Zombies, Geister und Gruselspuk kommen einem an dieser Stelle als Erstes in den Sinn, doch Jean Rollin hat dies als seinen seltsamsten Film bezeichnet und das will was heißen. Deshalb bekommt man hier nichts von den Vermutungen serviert. Gar nichts. Die Sätze oben sind nämlich tatsächlich der gesamte Inhalt des Films. Mehr passiert hier nicht. Wir begleiten die beiden namenlosen Protagonisten einfach nur auf diesem Friedhof, ohne das von außen irgendetwas passiert. Hier steigt niemand aus den Gräbern und auch ansonsten gibt es kein Spannungsmoment.

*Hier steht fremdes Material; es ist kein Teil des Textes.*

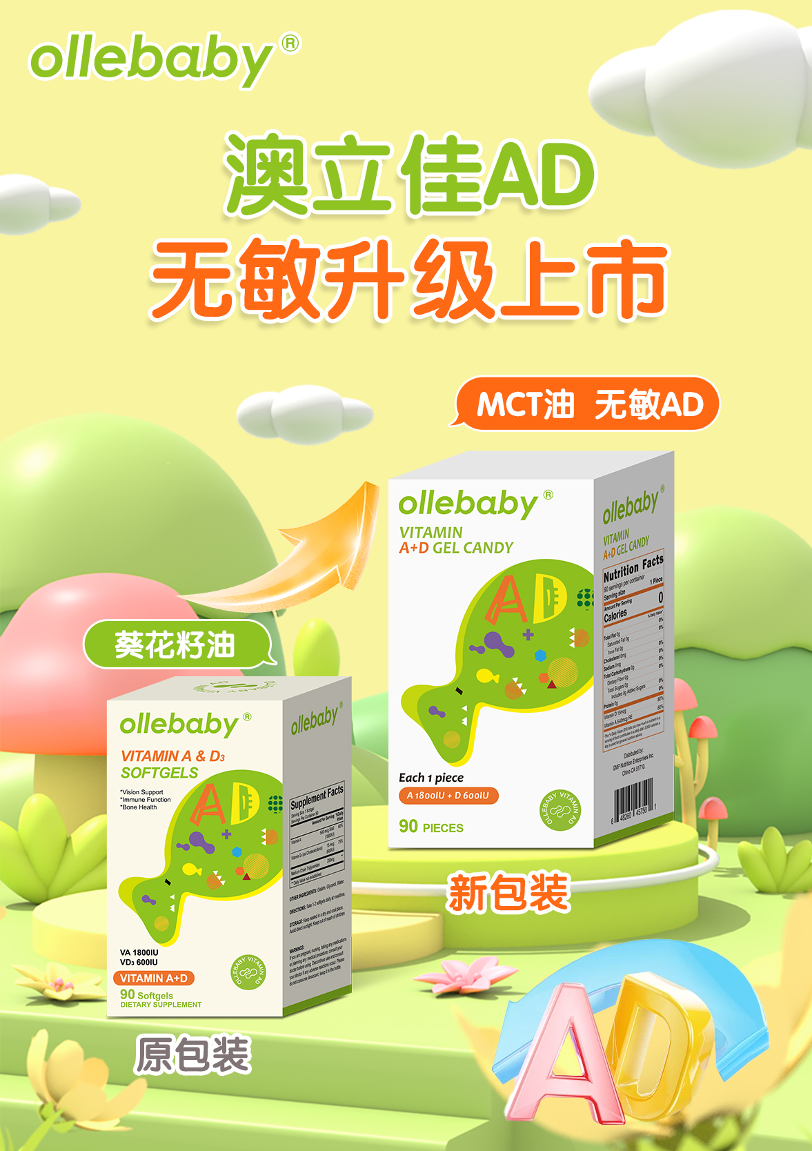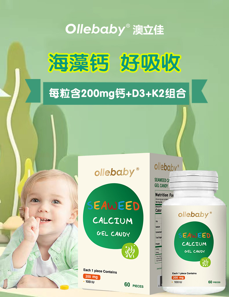 【补钙三剑客】澳立佳原装进口海藻钙+维生素AD胶囊+维生素K2胶囊

Wer so etwas sehen will, ist bei dem Film absolut falsch. „Die eiserne Rose“ folgt zu keinem Zeitpunkt irgendeiner Regel der Filmgeschichte oder verfolgt eine strukturierte Narrative. Während er in „Die Folterkammer des Vampirs“ die Sprache auf ein Minimum reduzierte, zieht er hier den Inhalt zusammen. Der einzige Fokus liegt nämlich auf der Atmosphäre. Die Wirkung des Friedhofs auf das Pärchen und auch die Wirkung auf den Zuschauer, ist hier im Vordergrund. Ob das allerdings für einen kompletten Spielfilm ausreicht, ist nur subjektiv zu beantworten. Ich sage ganz klar „Ja“, während wahrscheinlich 95% „Nein“ brüllen werden. Es ist Rollin und der bekommt das immer irgendwie hin. Zumindest funktioniert es bei mir. Ich schaue auf die Leinwand und tauche ab. Zeit und Raum steht still. Als ob ich im Louvre in einem Gemälde versinken würde. Der Friedhof ist nämlich atemberaubend und was er wieder an Kameraperspektiven und Licht aufbietet ist einfach nur wunderschön. Aber eben auch nicht einfach. Während unsere Protagonisten den Ausgang des Friedhofs nicht finden, werden viele Zuschauer entgegengesetzt nicht hineinfinden. Mein volles Verständnis dafür. Das ist auch nicht so einfach. Mit Francoise Pascal hatte er aber auch eine reizende Hauptdarstellerin, die man wirklich gerne begleitet. Allerdings sollte man auch ihre Handlungen nicht hinterfragen und eine Sinnsuche lostreten. Es ist Rollin, das interessiert ihn einfach nicht. Es ist eine andere Welt, die nicht so funktionieret, wie wir das gewohnt sind. Vielleicht hat er auch deshalb wieder einen seltsamen Clown eingebaut, ein wiederkehrendes Element in seinen Filmen, um daraufhin zu weisen, dass dies keine „normale“ Erzählstruktur ist.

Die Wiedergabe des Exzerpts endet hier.